As políticas dominantes não levam à feira, mas ao supermercado
Christiane Costa, do Instituto Polis, estava em um taxi, numa cidade do litoral de São Paulo, quando perguntou ao motorista: onde o senhor costuma comprar a comida do mês? Ele, espantado, respondeu: “lógico que no supermercado, onde mais seria?”. A cena retrata bem a “imposição de padrões alimentares”.
“Essa indução não é inocente. Nesse caminho, existe uma questão vital, uma questão de saúde pública. As escolhas alimentares das pessoas têm uma margem e essa é definida pelo que está disponível. Mais de 90% da população brasileira consome uma quantidade insuficiente de frutas, legumes e verduras. Uma pessoa tem que andar muito mais para comprar alimentos saudáveis do que para comprar um pacote de biscoito doce”, afirmou.
De acordo com informações do Ministério da Saúde (MS), os tratamentos de obesidade e doenças relacionadas, como diabetes e problemas cardíacos, custam por ano cerca de R$ 500 milhões ao Sistema Único de Saúde (SUS). Diante dessa realidade, Christiane relaciona o acesso aos alimentos de real qualidade à organização, nos grandes centros urbanos, de estabelecimentos públicos de convívio socioeconômico que sejam promotores de saúde. Esses devem estar próximos dos locais de moradia e trabalho, refletindo uma leitura que responsabiliza o Estado e “que não exclui, mas sim ultrapassa a ênfase individual de governar a vida para hábitos alimentares saudáveis”.
“O abastecimento é o coração do sistema alimentar. Liga campo e cidade, produção e consumo. Então, não basta a professora falar, em sala de aula, que não se deve comer tais alimentos. É preciso impedir que produtos não saudáveis cheguem às escolas, cheguem às crianças”, ilustrou Christiane.

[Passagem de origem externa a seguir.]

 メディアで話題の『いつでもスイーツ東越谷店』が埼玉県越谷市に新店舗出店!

Proximidade política abre novas rotas para alimentos saudáveis
Segundo Julian Perez , da Universidade Federal da Fronteira Sul (UFFS), “a situação de concentração do varejo dos alimentos é tão grande, que as cinco maiores redes de supermercados controlam 46% do setor, sendo que duas dessas são estrangeiras”. Explica que uma característica do agricultor familiar é “ser empresário, gestor e trabalhador” e que essa imposição do sistema agroalimentar “põe em risco essa autonomia ”.
“A gente enche a boca para falar que a agricultura familiar é responsável por 70% do que chega aos pratos dos brasileiros, mas eu pergunto: por que ela está tão quebrada? Muito provavelmente porque os que estão incorporando o valor agregado com essa produção não são os agricultores”, expôs Julian.

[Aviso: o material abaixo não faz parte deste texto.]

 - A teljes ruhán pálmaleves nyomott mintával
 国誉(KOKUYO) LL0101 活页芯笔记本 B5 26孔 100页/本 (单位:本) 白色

Como exemplo de resistência ao modelo de agricultura baseado nos agrotóxicos e transgênicos, o professor apresentou a Rede Ecovida Agroecológica, que há 14 anos distribui variados produtos pelos três estados do Sul do país e em parte de São Paulo. “Já ouvi o questionamento: isso é um circuito curto? Eu diria que é um circuito de proximidade. É muito possível que quem consome uma banana ecológica do Vale do Ribeira, em São Paulo, em Passo Fundo, no Rio Grande do Sul, saiba muito mais sobre aquele alimento do que sobre o que é produzido a cinco quilômetros dali. Neste caso, a proximidade social e cultural é muito maior do que a de um corte espacial”, ressaltou.

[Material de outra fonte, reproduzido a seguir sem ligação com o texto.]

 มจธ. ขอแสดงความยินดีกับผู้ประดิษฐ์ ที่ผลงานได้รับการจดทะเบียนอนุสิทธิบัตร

Após se articularem em torno da agroecologia, os agricultores e agricultoras familiares conseguiram se livrar da dependência da venda às grandes redes varejistas. Se antes 74% deles dependiam de atravessadores, hoje conseguem escoar a maioria dos alimentos via associações locais e feiras. A variedade alimentar também foi reflexo. Cada grupo comercializava, em média, três produtos. Depois de organizados na Rede, essa quantidade aumentou para 15 tipos.
“Essa experiência demonstra que há uma relação sinérgica entre os mercados alternativos e a melhoria da produção para autoconsumo, a valorização da biodiversidade, o resgate de alimentos tradicionais, a troca de saberes, o aumento da sociabilidade e da promoção de saúde”, sentenciou Julian.
* Com a colaboração de Camila Nobrega, do Canal Ibase.